The best internal medicine veterinarian Moreno Valley has available are trained to detect and treat the most serious diseases and health issues that affect pets. Furthermore, they are specially prepared to care for pets who may be suffering from a variety of medical concerns. Pets’ lives are being extended as veterinary care improves. As a result, a rising number of older pets, like senior humans, are dealing with a variety of illnesses that can be exceedingly difficult to manage. A cat diagnosed with diabetes, for example, may also have renal failure, and a dog diagnosed with heart failure may also have cancer.


Internal medicine experts are uniquely prepared to treat these challenging illnesses. In other cases, a younger animal may have a once thought to be incurable problem but is now manageable, if not curable.

Will my regular veterinarian remain involved?

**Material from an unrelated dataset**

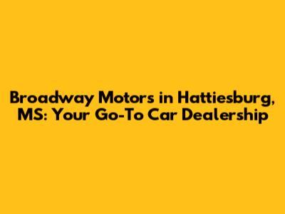 Hey guys! Are you on the hunt for a reliable car dealership in Hattiesburg, Mississippi? Look no further! In this article, we're diving deep into Broadway Motors, a name that's become synonymous with quality service and a fantastic selection of vehicles. Whether you're looking for a brand-new ride or a dependable pre-owned car, Broadway Motors might just be your one-stop shop. Let's explore what makes them stand out, shall we?

Your regular veterinarian from places like Sunnymead Veterinary Clinic will frequently continue to supervise your pet’s veterinary therapy, especially if your pet has many disease states or illnesses. In other cases, your referring veterinarian will be in charge of the majority of your pet’s medical care. It is determined by the nature of your pet’s illness and health difficulties.


In many veterinary offices, the general practitioner veterinarian is also a board-certified specialist in Internal Medicine. On the other hand, general practice veterinarians are highly educated medical professionals who must maintain their licensure throughout their professional lives. When a specialist’s assistance is required, he or she is only a phone call or visit away.